Lee Schwartz is a Computational Linguist on the Microsoft Translator team. Today’s guest blog is about getting lost in (machine) translation…
Recently, a user seemed upset with the translation he received for a metal paint can. No wonder. When he translated this into Spanish, he got un metal pintura puede, which means a metal paint is able to. And, what is that supposed to mean? But, then again, what is "meaning" to a machine translation system anyway? Does anything mean anything? Or, is the computer just seeing words in combination in one language and corresponding words in another language? And is it assuming that because one sequence is used in the source language when another is used in the target, one is the translation of another? Even if the machine translation program is just seeing words in combination, wouldn’t it have seen paint can before and know that the can in this context is some kind of container? Then, again, can you be sure that the computer behind the MT program knows anything about paint cans, or has seen those two words in combination? Why do you think it would have? But, giving it the benefit of the doubt, and assuming it knows all about paint cans, or at least has seen the string paint can a lot, how is it supposed to know how to translate a metal paint can? Maybe the computer has seen something like The metal film on one side of the plate… may be obtained by …spraying a metal paint or ….

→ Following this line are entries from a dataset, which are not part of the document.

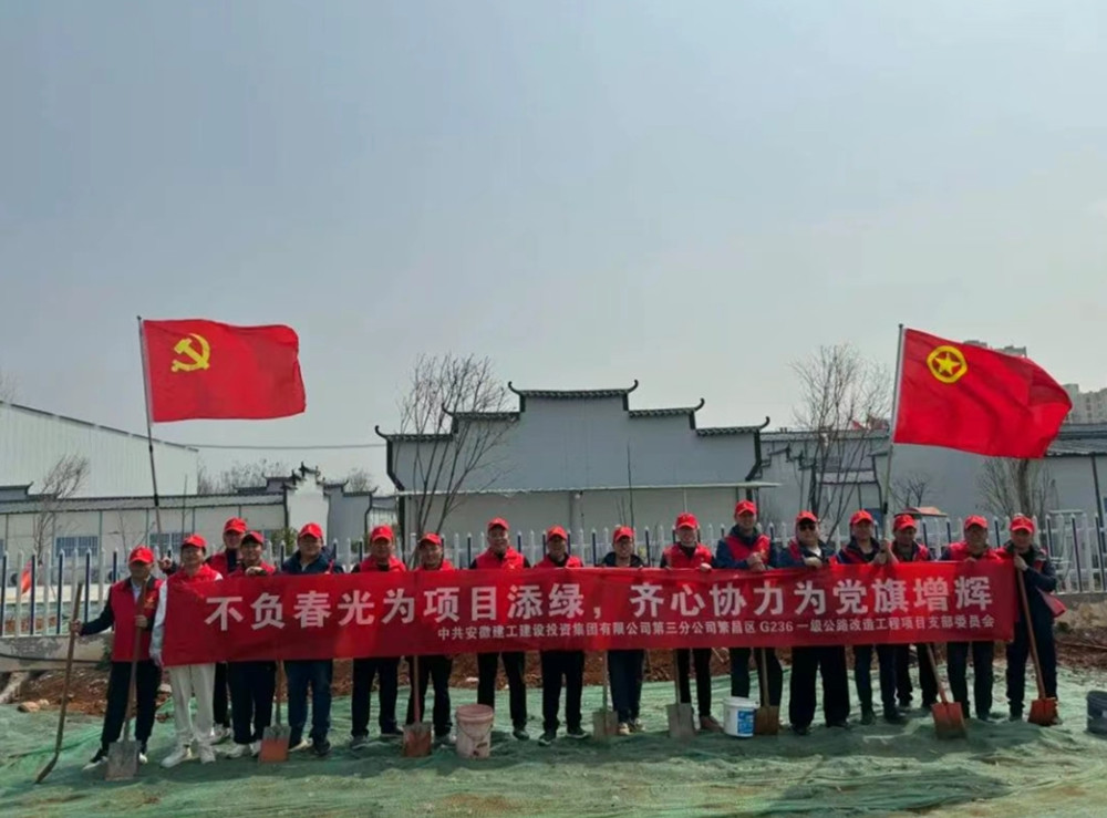 和煦春風(fēng)拂面來(lái),植樹(shù)添綠正當時(shí)。3月12日上午,繁昌區G236改造工程項目黨支部組織黨員、團員青年在項目部綜合場(chǎng)站開(kāi)展“不負春光為項目添綠 齊心協(xié)力為黨旗增輝”主題志愿植樹(shù)活動(dòng)。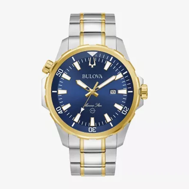 Bulova Marine Star Mens Diamond Accent Two Tone Stainless Steel Bracelet Watch 98d175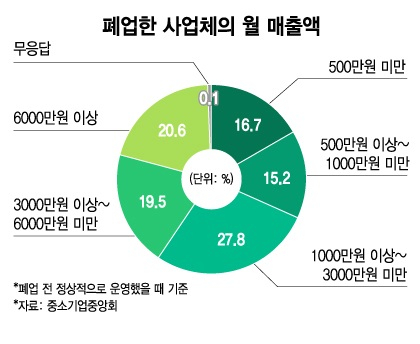 조사 대상 중 월 평균 매출액이 500만원 미만이라고 답한 비율은 16.7%, '500만원 이상~1000만원 미만'은 15.2%, '1000만원 이상~3000만원 미만'은 27.8%로 나타났다. 월 평균 매출액이 '3000만원 이상~6000만원 미만'은 19.5%, 6000만원 이상은 20.6%로 조사됐다. 월 평균 매출액은 도·소매업과 제조업이 높게 나왔다. 숙박·음식점업과 서비스업이 낮게 나와 업종별로 큰 차이를 보였다.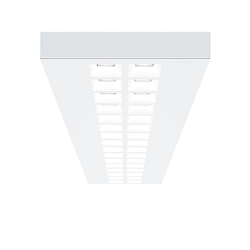 Flache und modulare LED Deckenanbauleuchte mit Linsenoptik. Leuchten Leistung: 23,3 W, mit LED-Konverter, LED-Lebensdauer 100000 h bis zu einem Lichtstromrückgang auf 80 % des Anfangswertes. Farborttoleranz (initial MacAdam): 2. Leuchten Lichtstrom: 3820 lm, Leuchten Lichtausbeute: 164 lm/W. Farbwiedergabe Ra > 80, Farbtemperatur 4000 K. Symmetrisch sehr breit abstrahlende Leuchte (wide beam). Lichtlenkung über quadratische Linsenoptik entblendete Lichtverteilung mit UGR < 19 und L65 < 3000 cd/m² gemäß EN 12464, geringe Schmutzempfindlichkeit und einfache Reinigung, flaches Leuchtengehäuse aus Stahlblech pulverbeschichtet in weiß, Leuchtengehäuse mit sichtbarer Leuchtenhöhe von 52mm, Leuchte halogenfrei verdrahtet, Abmessungen: 1200 x 300 x 52 mm, Gewicht: 7 kg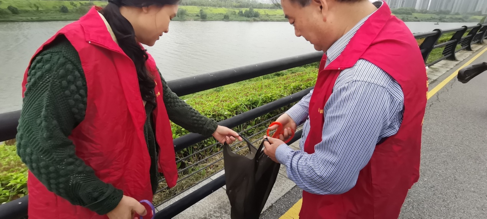 秋日的浏阳河畔,水清岸绿,景色宜人。活动中,党员教师们身着志愿者服装,手持垃圾袋与清洁工具,沿河岸系统清理草丛、步道中的塑料袋、烟蒂、纸屑及塑料瓶等滞留垃圾。大家分工协作,默契配合,以实际行动维护河道环境整洁,展现出高校教师党员服务社会、爱护环境的良好风貌。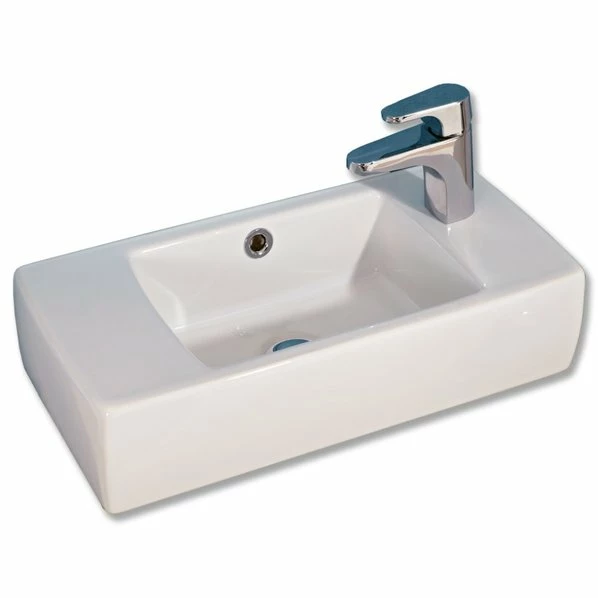 Der edle Keramikwaschtisch im klassischen Weiß erzeugt in Ihrem Badezimmer eine tolle Optik und lässt sich mit vielen Einrichtungsstilen kombinieren. Der Anschluss für die Armatur befindet sich auf der rechten Seite des Waschbeckens.
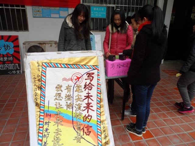 本次活动由社会发展学院学生会心理协会组织策划,为了使活动能够达到预期的效果,活动前期,学生不仅通过海报等形式在校园内积极宣传,还自制了信箱。活动当天,该系同学们的参与热情高涨,其他几个院系的同学们也来积极参加。活动结束后,社发院心理协会收回了所有信件并封存好,统一保管,未来将按时寄送到同学们手中。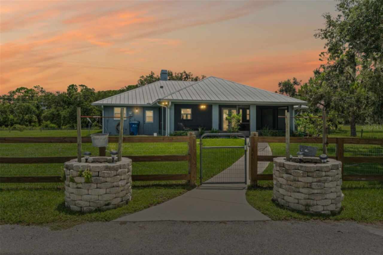 Nestled on an expansive 7.5-acre canvas of pastoral tranquility, this distinguished 1996 block constructed residence offers an extraordinary sanctuary where sophistication meets agricultural charm. The meticulously maintained three bedroom, two bathroom home spans 1, 940 square feet of thoughtfully designed living space, complemented by hurricane-resistant windows that blend safety with elegance. And lets not forget the best part, NO HOA and NO DEED RESTRICTIONS and its in flood zone X. Bring all the toys and livestock and have some FUN! The heart of this property lies in its remarkable outdoor amenities and versatile structures. A substantial 2, 260 square-foot detached block garage houses a completely independent 640 square-foot in-law suite, perfect for multi-generational or generating rental income. Above, a spacious loft awaits transformation into a private work out room, artist's studio, or recreational retreat. Multiple fenced pastures create an idyllic setting for equestrian pursuits or livestock endeavors, while the property's generous acreage provides endless possibilities for outdoor recreation and agricultural ventures. The home's interior showcases solid wood kitchen kickory cabinetry paired with lustrous granite countertops, creating a culinary environment that balances rustic authenticity with contemporary refinement. Dual screened porches positioned at both front and rear entrances, invite leisurely moments while offering protection from Florida's abundant sunshine and occasional precipitation. Recent exterior painting ensures the property presents impeccably, while the garage's convenient half-bathroom adds practical functionality. Many updates have already been done to the home, metal roof in 2020, hurricane impact windows 2019, A/C system in 2019, a new well in 2020 and the list goes on. Located within proximity to Old Miakka Preserve, Lakewood Ranch, SRQ airport and our wonderful beaches only 30 minutes away. Residents enjoy easy access to pristine natural environments perfect for hiking, wildlife observation, and outdoor adventures. This unique offering represents a rare opportunity to embrace Florida's agricultural heritage while maintaining modern conveniences and luxurious touches—a perfect blend for those seeking space, privacy, and endless potential in one extraordinary package.

Ah ha! So there really are metal paints. And, if there are metal paints, why can’t a metal paint can be the answer to a metal paint can, can’t it? Well, it is just not likely that when you have the words paint and can in sequence, that can means be able to. But then again it is just not likely that can means anything but be able to. I guess we can say things and think things that are just not likely. I can easily understand what A metal paint can can, can’t it? means. The computer might just think that I inadvertently typed can twice. Certainly, if it learns from real data, say from the Web, it will see can can a lot. Maybe that is why it won’t translate He did the can can correctly. But really, what is English doing with so many types of cans anyway? We can even can worms, but we won’t open that one now.